* PROBLEM STATEMENT:
Pictures appear among the records below and must be omitted. Repeat exactly the lines from the line with "Grupos contrários à" to the line with "写真は、牛をひっくり返して胃をもどそうとしている写真です。", both included.

* ENTRIES SHOWN:
*** Begin section ***
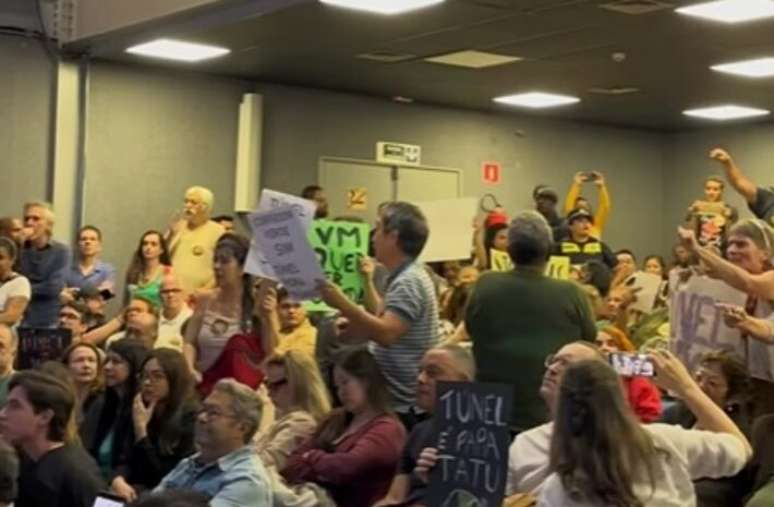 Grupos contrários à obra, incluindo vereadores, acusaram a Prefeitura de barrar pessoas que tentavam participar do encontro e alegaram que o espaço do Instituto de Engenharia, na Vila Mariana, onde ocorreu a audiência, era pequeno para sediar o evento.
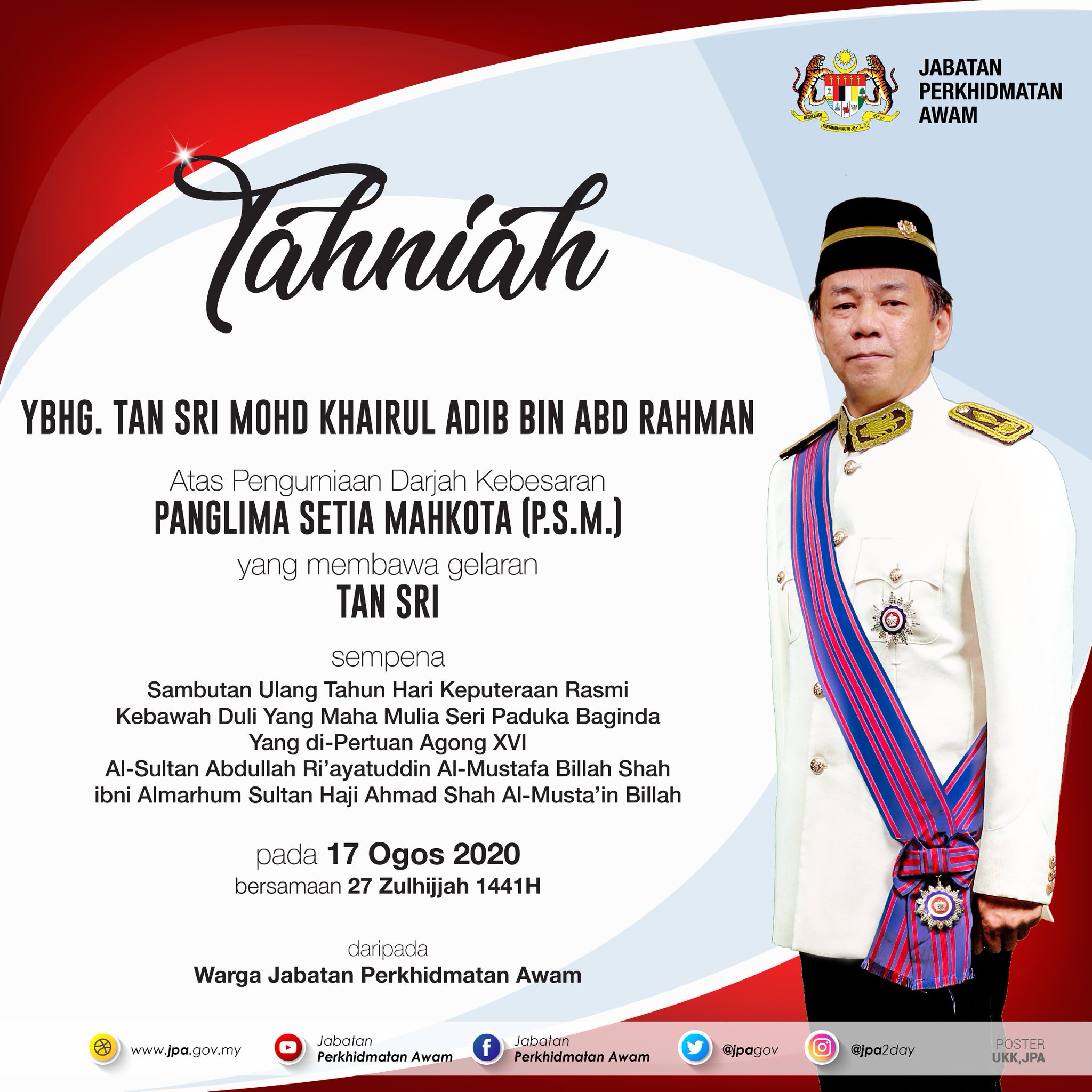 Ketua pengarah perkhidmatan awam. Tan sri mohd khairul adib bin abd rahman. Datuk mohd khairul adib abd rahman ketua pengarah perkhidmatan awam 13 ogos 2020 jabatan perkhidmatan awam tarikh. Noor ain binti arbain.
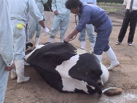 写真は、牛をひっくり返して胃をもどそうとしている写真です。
*** End section ***
*** Begin section ***
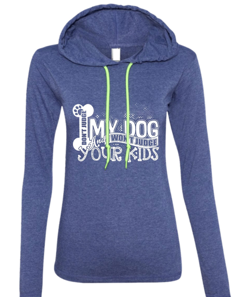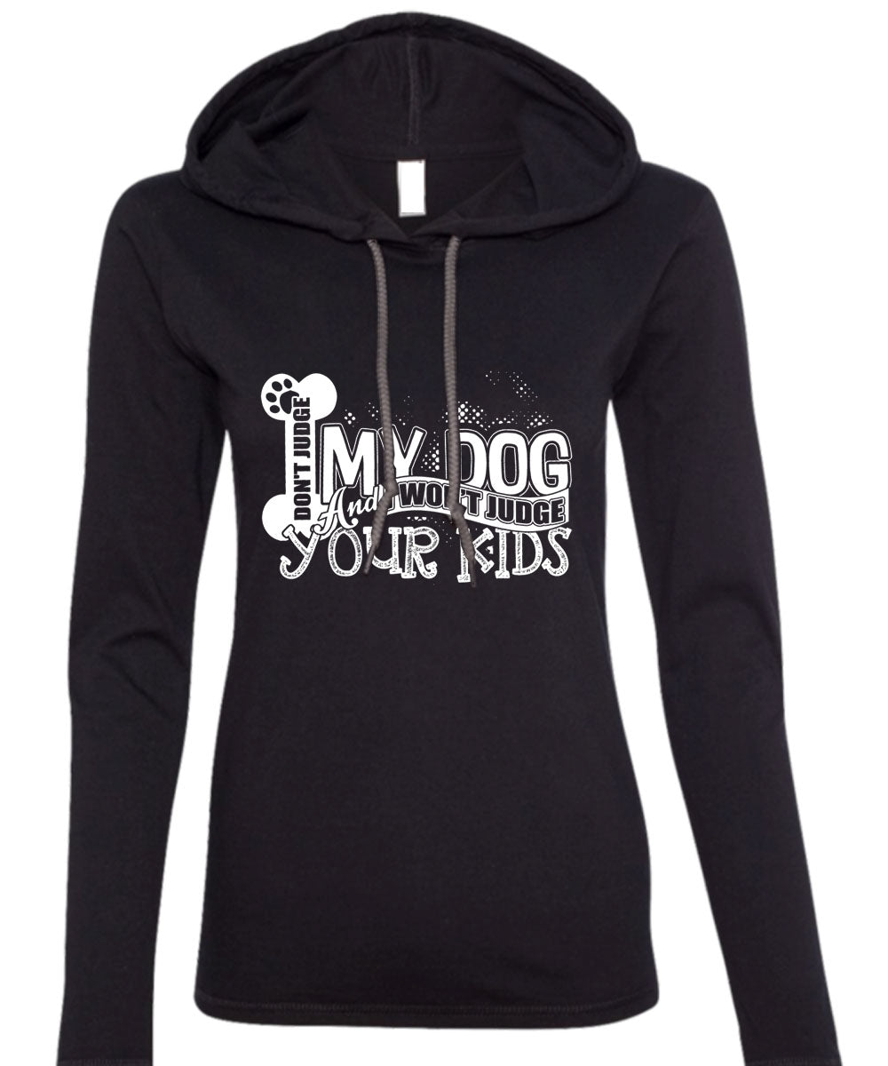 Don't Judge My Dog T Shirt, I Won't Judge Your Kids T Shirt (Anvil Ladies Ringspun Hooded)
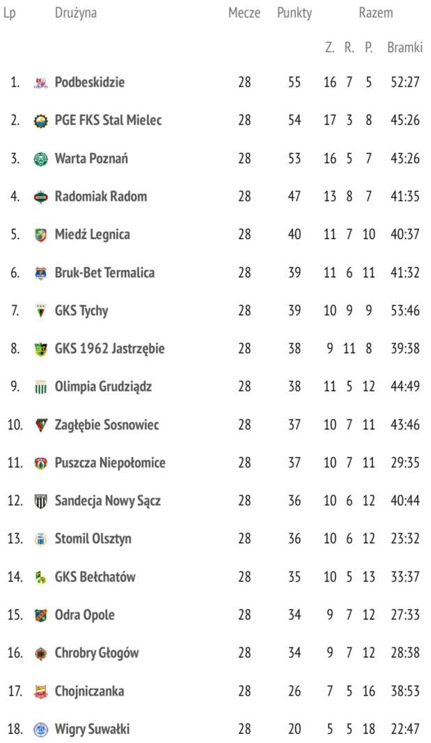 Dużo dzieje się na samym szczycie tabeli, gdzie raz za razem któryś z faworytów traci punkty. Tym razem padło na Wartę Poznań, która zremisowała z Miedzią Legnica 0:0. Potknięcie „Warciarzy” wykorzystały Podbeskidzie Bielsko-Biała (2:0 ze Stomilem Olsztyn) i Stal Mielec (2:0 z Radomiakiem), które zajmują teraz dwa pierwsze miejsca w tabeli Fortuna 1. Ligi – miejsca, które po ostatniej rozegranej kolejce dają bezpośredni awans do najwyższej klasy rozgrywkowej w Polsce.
*** End section ***
* SOLUTION FOR THIS EXERCISE:
 Grupos contrários à obra, incluindo vereadores, acusaram a Prefeitura de barrar pessoas que tentavam participar do encontro e alegaram que o espaço do Instituto de Engenharia, na Vila Mariana, onde ocorreu a audiência, era pequeno para sediar o evento.
 Ketua pengarah perkhidmatan awam. Tan sri mohd khairul adib bin abd rahman. Datuk mohd khairul adib abd rahman ketua pengarah perkhidmatan awam 13 ogos 2020 jabatan perkhidmatan awam tarikh. Noor ain binti arbain.
 写真は、牛をひっくり返して胃をもどそうとしている写真です。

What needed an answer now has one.